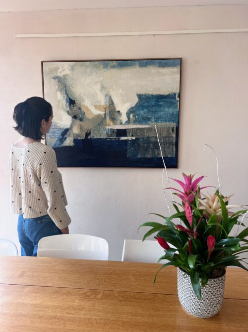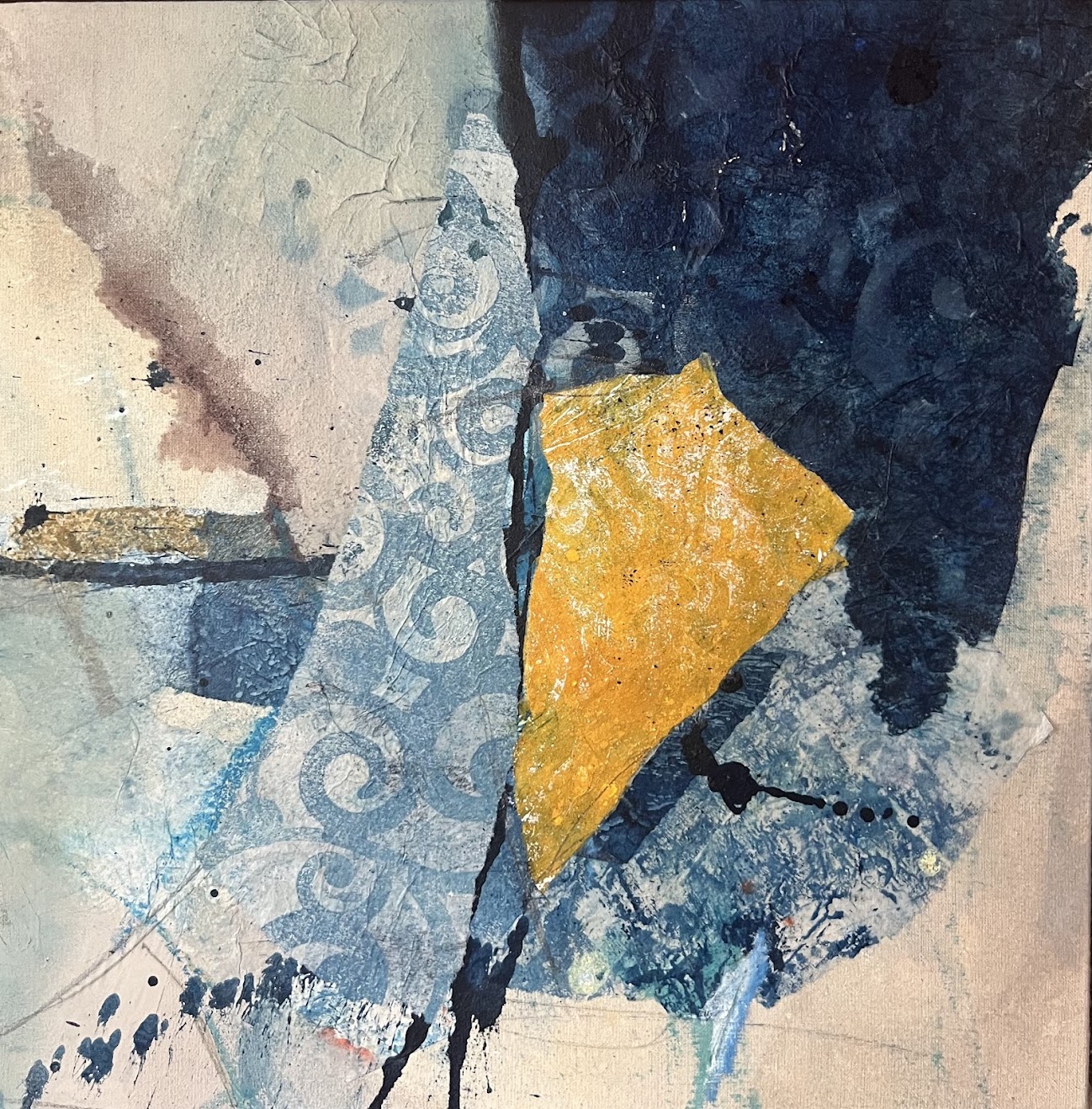 Îlot solaire célèbre ces petits fragments de lumière qui flottent dans l’immensité cosmique. Cette œuvre abstraite de la série Système Solaire évoque la chaleur d’un îlot lumineux, une présence solaire apaisante dans l’obscurité de l’espace. Les jaunes dorés dialoguent avec les bleus profonds — Bleu de Prusse — créant une atmosphère contemplative et lumineuse. Créée sur toile professionnelle avec marqueterie de papier artisanal japonais, chaque fragment a été teinté avec des pigments naturels puis assemblé à la main pour créer cette composition intime et rayonnante. Les formes organiques évoquent la douceur d’un soleil qui réchauffe, la lumière qui apaise. La texture du papier révèle une profondeur vivante qui change avec la lumière naturelle. Format carré 29×29 cm, parfait pour une composition murale ou un espace intimiste. Une œuvre qui invite à la contemplation et à se connecter à la lumière intérieure. Matériaux : Toile professionnelle, papier artisanal japonais, pigments naturels (jaune d’or, Bleu de Prusse, blanc) Format : 29×29 cm
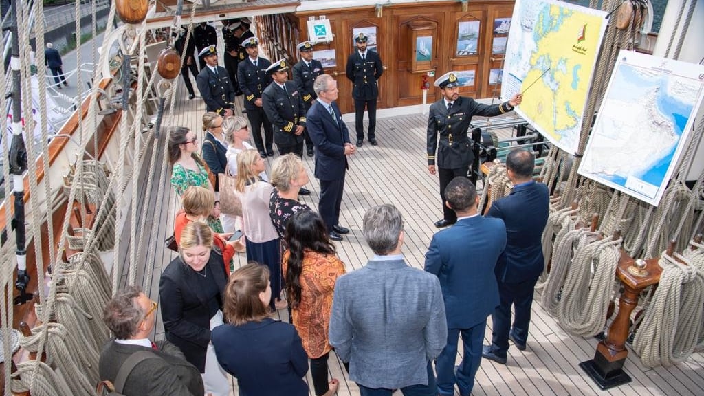 استقبلت سفينة البحرية السُّلطانية العُمانية شباب عُمان الثانية عددًا من كبار الزوار خلال فترة رسوّها في ميناء (ويست انديان دوكس) بالمملكة المتحدة ضمن رحلتها الدولية السادسة “عُمان أرض السلام” إلى القارة الأوروبية.
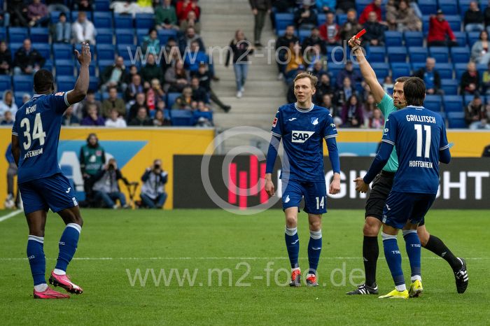Schiedsrichter Robert Hartmann zeigt Stanley Nskoi (TSG 1899 Hoffenheim) die gelb-rote Karte.
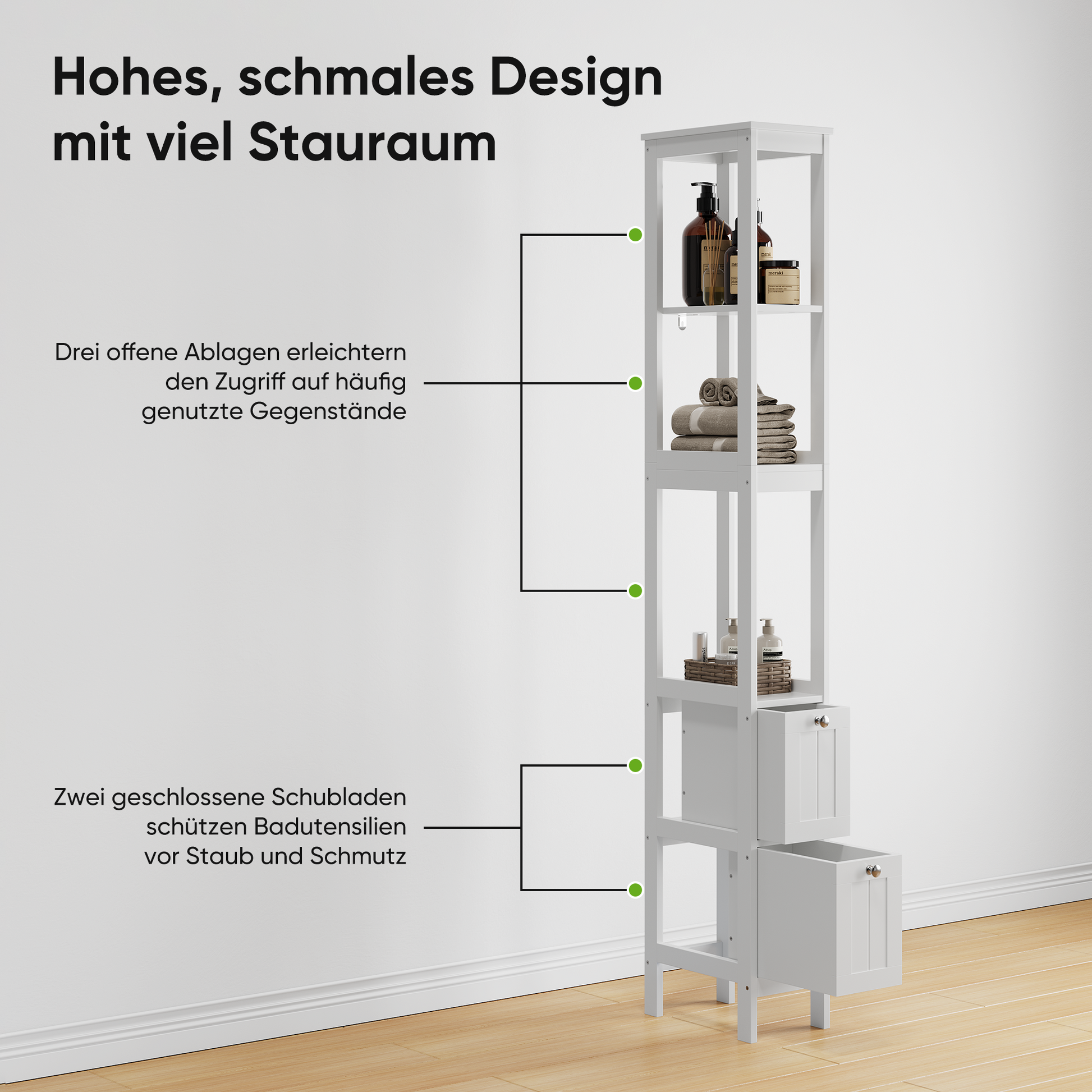 Crafted from high-quality MDF, this cabinet is easy to clean with a damp cloth. It offers both open shelves and hidden drawers, providing flexible storage options for daily essentials. Two spacious drawers glide out smoothly, perfect for organizing toilet paper, towels, cosmetics, and cleaning supplies. Three open shelves cater to a variety of storage needs.
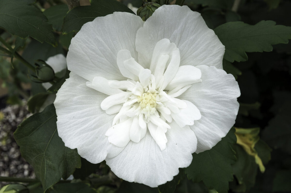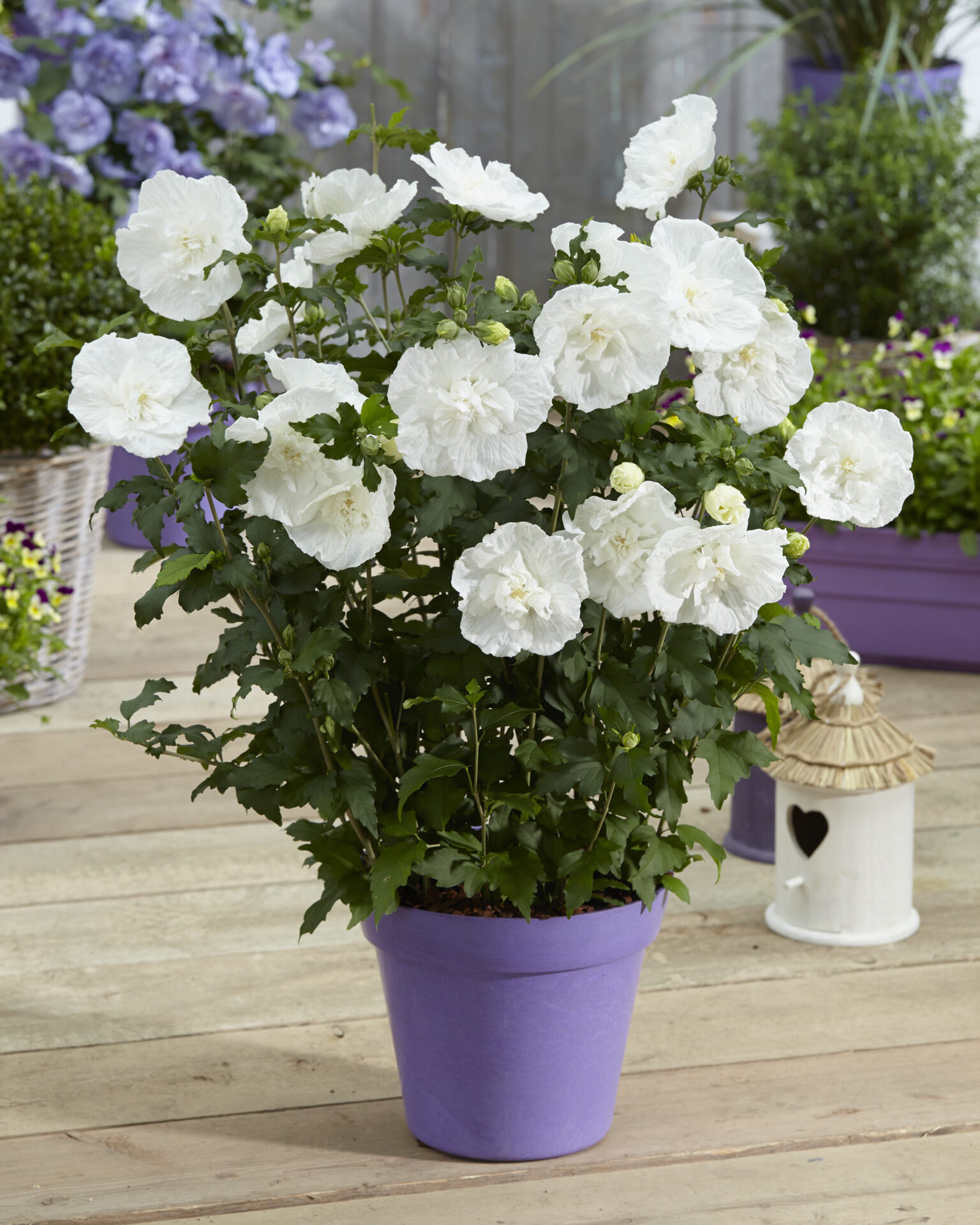 Hibiscus syriacus ‘White Chiffon’ is een gracieuze en rijkbloeiende struik die met zijn lichte bloemen en langdurige bloei sfeer en elegantie brengt in zonnige tuinen.
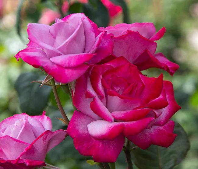 Hybrid Tea Paradise™ is a classic Hybrid Tea rose that lives up to its name with large, luminous blooms and an enchanting fragrance. Its high-centered flowers, 5–6 inches across with 30+ petals, open in a silvery lavender hue edged in magenta-pink—a color that deepens in cool weather and softens to blush tones as temperatures rise. This striking contrast creates a truly captivating display in the garden. Introduced in 1978 by Jackson & Perkins and bred by Herbert Swim & Jack Christensen, Paradise™ is a continual bloomer with dark green foliage and an upright, vigorous habit. Its lightly fruity, traditional rose fragrance adds to its appeal, making it a favorite for cutting gardens, exhibition, and elegant floral arrangements. Easy to grow and disease resistant, Paradise™ thrives in full sun and well-drained soil, rewarding gardeners with season-long beauty and timeless charm.
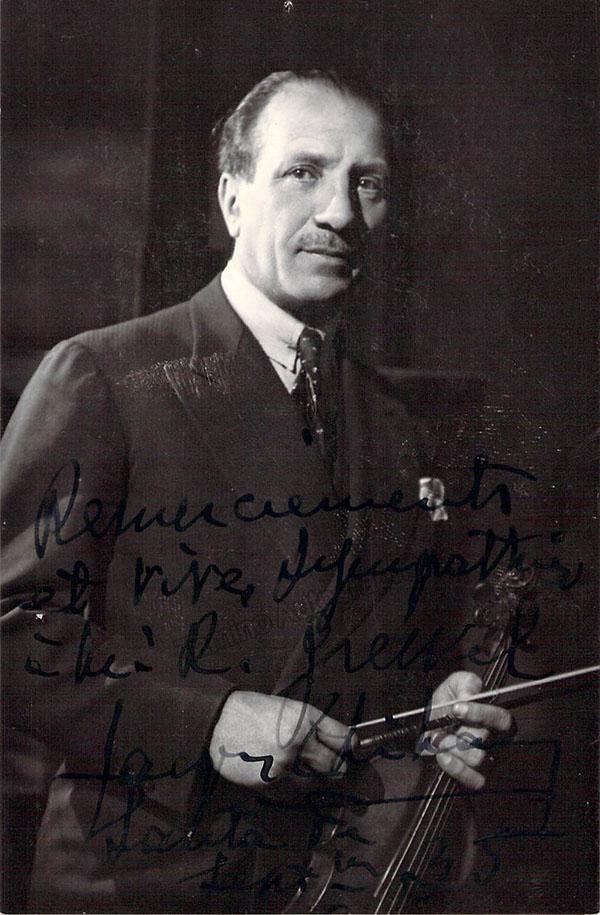 Famous French violinist (1880-1953), signed photo postcard, inscribed and dated in Santa Fe, Argentina in 1935. Stamped on verso by photographer Hrand, Paris. Size is 3.5 x 5.25 inches, in excellent condition.

Exercise: An exact copy of the entries above is needed, with the pictures removed.

Task solution:
 Îlot solaire célèbre ces petits fragments de lumière qui flottent dans l’immensité cosmique. Cette œuvre abstraite de la série Système Solaire évoque la chaleur d’un îlot lumineux, une présence solaire apaisante dans l’obscurité de l’espace. Les jaunes dorés dialoguent avec les bleus profonds — Bleu de Prusse — créant une atmosphère contemplative et lumineuse. Créée sur toile professionnelle avec marqueterie de papier artisanal japonais, chaque fragment a été teinté avec des pigments naturels puis assemblé à la main pour créer cette composition intime et rayonnante. Les formes organiques évoquent la douceur d’un soleil qui réchauffe, la lumière qui apaise. La texture du papier révèle une profondeur vivante qui change avec la lumière naturelle. Format carré 29×29 cm, parfait pour une composition murale ou un espace intimiste. Une œuvre qui invite à la contemplation et à se connecter à la lumière intérieure. Matériaux : Toile professionnelle, papier artisanal japonais, pigments naturels (jaune d’or, Bleu de Prusse, blanc) Format : 29×29 cm
 استقبلت سفينة البحرية السُّلطانية العُمانية شباب عُمان الثانية عددًا من كبار الزوار خلال فترة رسوّها في ميناء (ويست انديان دوكس) بالمملكة المتحدة ضمن رحلتها الدولية السادسة “عُمان أرض السلام” إلى القارة الأوروبية.
Schiedsrichter Robert Hartmann zeigt Stanley Nskoi (TSG 1899 Hoffenheim) die gelb-rote Karte.
 Crafted from high-quality MDF, this cabinet is easy to clean with a damp cloth. It offers both open shelves and hidden drawers, providing flexible storage options for daily essentials. Two spacious drawers glide out smoothly, perfect for organizing toilet paper, towels, cosmetics, and cleaning supplies. Three open shelves cater to a variety of storage needs.
 Hibiscus syriacus ‘White Chiffon’ is een gracieuze en rijkbloeiende struik die met zijn lichte bloemen en langdurige bloei sfeer en elegantie brengt in zonnige tuinen.
 Hybrid Tea Paradise™ is a classic Hybrid Tea rose that lives up to its name with large, luminous blooms and an enchanting fragrance. Its high-centered flowers, 5–6 inches across with 30+ petals, open in a silvery lavender hue edged in magenta-pink—a color that deepens in cool weather and softens to blush tones as temperatures rise. This striking contrast creates a truly captivating display in the garden. Introduced in 1978 by Jackson & Perkins and bred by Herbert Swim & Jack Christensen, Paradise™ is a continual bloomer with dark green foliage and an upright, vigorous habit. Its lightly fruity, traditional rose fragrance adds to its appeal, making it a favorite for cutting gardens, exhibition, and elegant floral arrangements. Easy to grow and disease resistant, Paradise™ thrives in full sun and well-drained soil, rewarding gardeners with season-long beauty and timeless charm.
 Famous French violinist (1880-1953), signed photo postcard, inscribed and dated in Santa Fe, Argentina in 1935. Stamped on verso by photographer Hrand, Paris. Size is 3.5 x 5.25 inches, in excellent condition.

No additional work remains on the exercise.